* Instructions for the task
Only the lines from the one containing "looking back (west)" through the last line below belong in your copy; transcribe them exactly and omit any pictures.

* Data provided
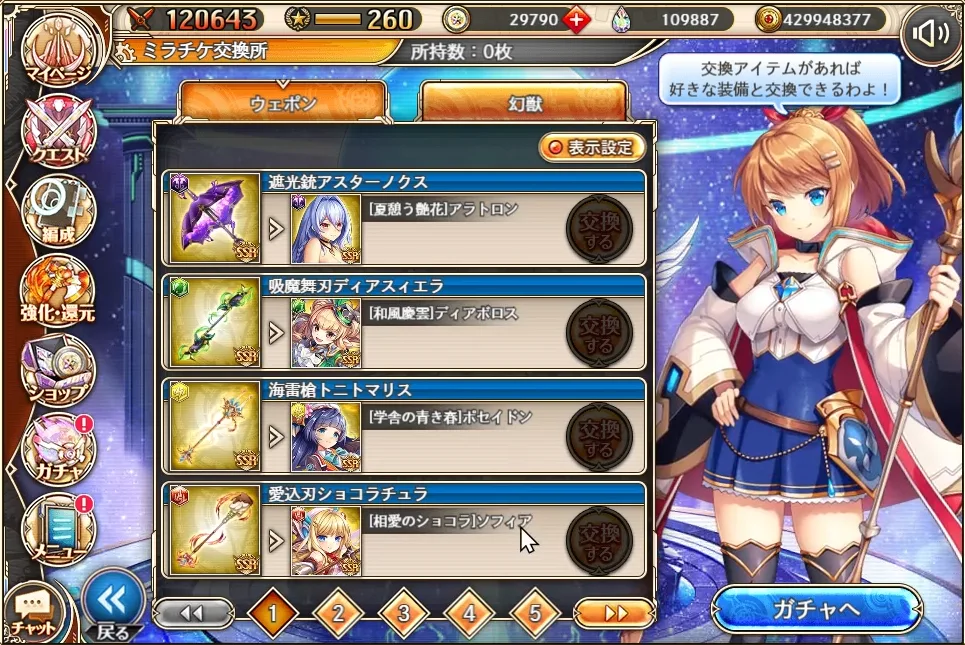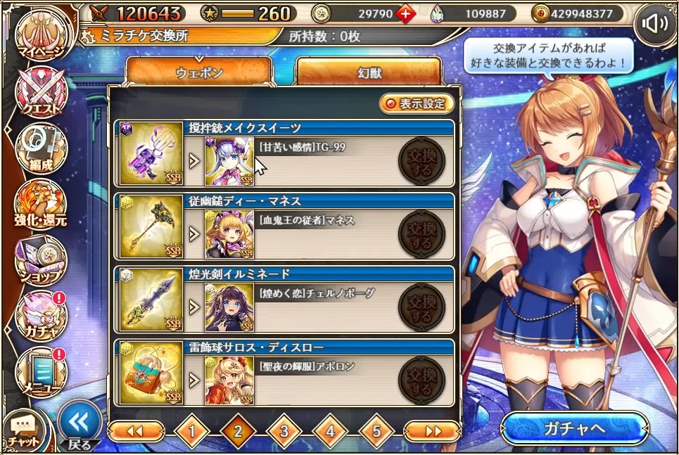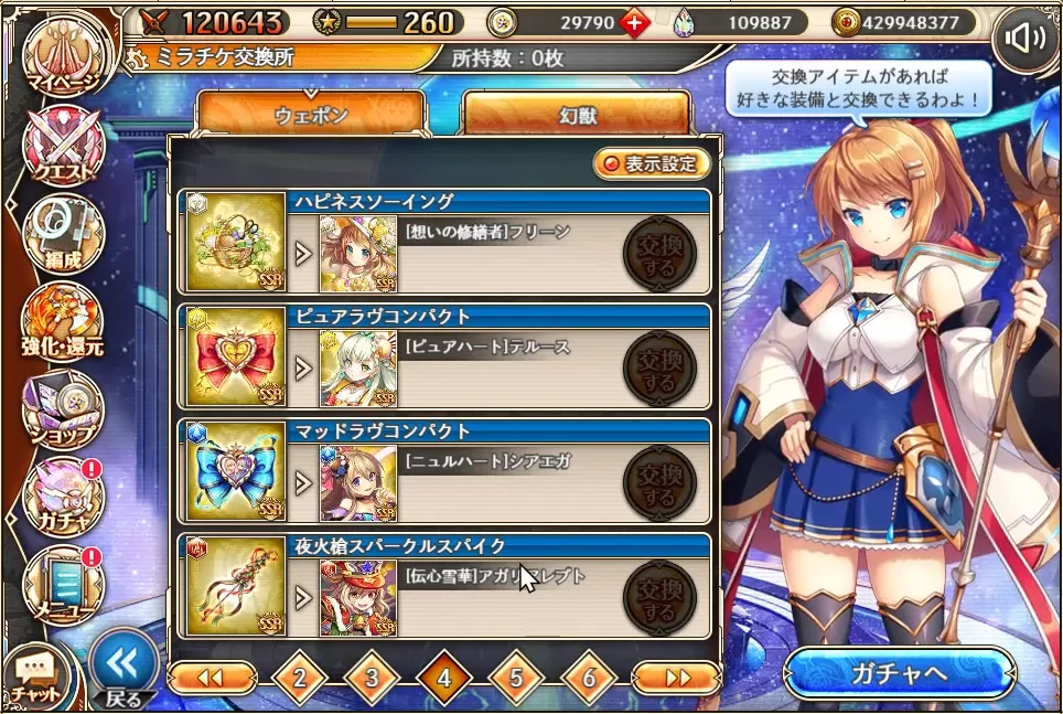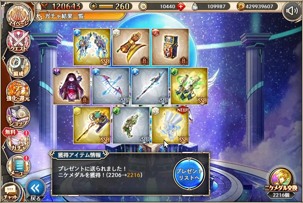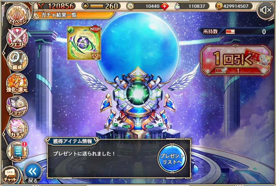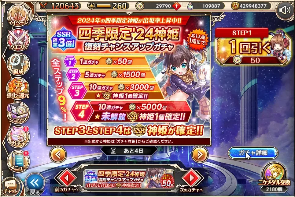 SSRステップガチャが今まではピンポイントで狙えてたものが少し改悪されて、未解放確定で古い神姫も出る可能性が発生してどうしたものかと二の足を踏んでいたのですが、まあ古い神姫でも集めておこう!そうすれば無料ルーレットの未解放チケで少しは有利になるはず!
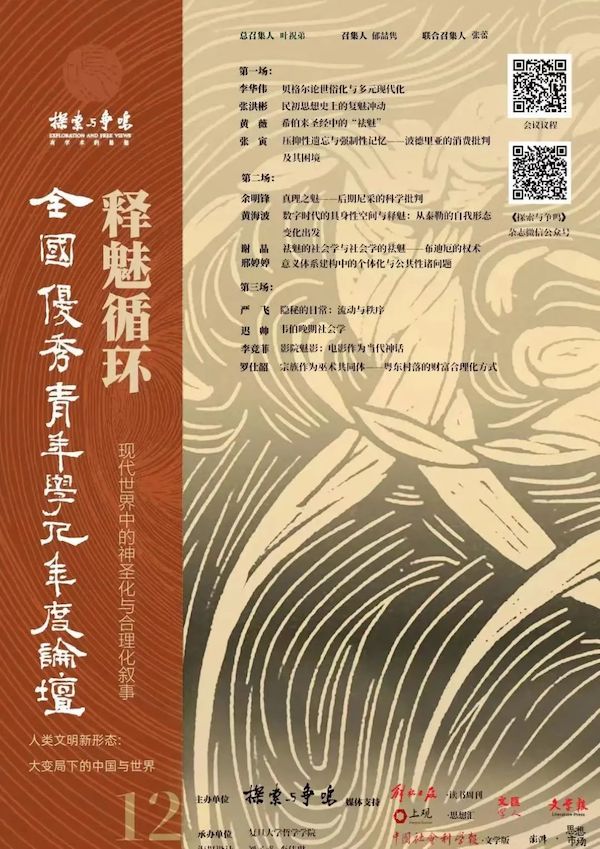 嘉宾:叶祝弟(《探索与争鸣》主编、编审)、郁喆隽(复旦大学哲学学院副教授)、严飞(清华大学社会学系副教授)、余明锋(同济大学人文学院副教授)等
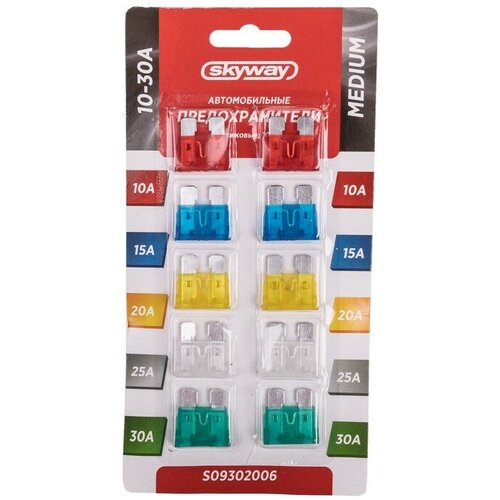 Предохранитель флажковый MEDIUM набор 10шт 7,5-30А блистер SKYWAY, S09302005
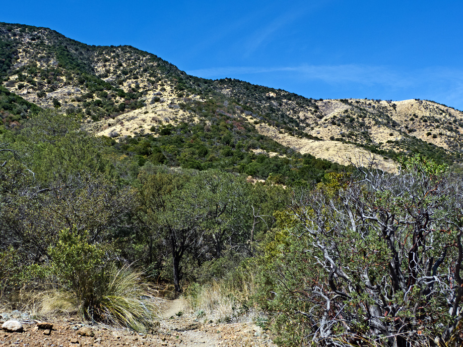 looking back (west) at the mountains that rise above us with the golden grass and green bushes and trees.
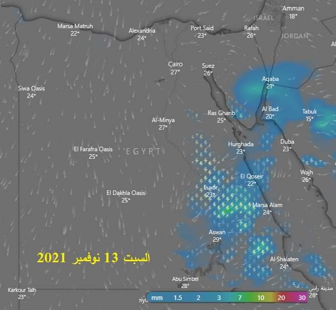وأضاف شراقي، عبر صفحته الرسمية بموقع التواصل الاجتماعي فيسبوك، أن هذه الأمطار صاحبها برق ورعد وبرد وكتل ثلجية، نتيجة انخفاض درجة الحراة في الطقس، مشيرًا إلى أن هذه الأمطار تسبب سيول، وتعمل مخرات السيول إلى نقل هذه المياه إلى نهاية المخرات سواء البحر الأحمر للجانب الشرقي أو اتجاه نهر النيل بالنسب للجانب الغربي.

* Answer for this exercise
 looking back (west) at the mountains that rise above us with the golden grass and green bushes and trees.
وأضاف شراقي، عبر صفحته الرسمية بموقع التواصل الاجتماعي فيسبوك، أن هذه الأمطار صاحبها برق ورعد وبرد وكتل ثلجية، نتيجة انخفاض درجة الحراة في الطقس، مشيرًا إلى أن هذه الأمطار تسبب سيول، وتعمل مخرات السيول إلى نقل هذه المياه إلى نهاية المخرات سواء البحر الأحمر للجانب الشرقي أو اتجاه نهر النيل بالنسب للجانب الغربي.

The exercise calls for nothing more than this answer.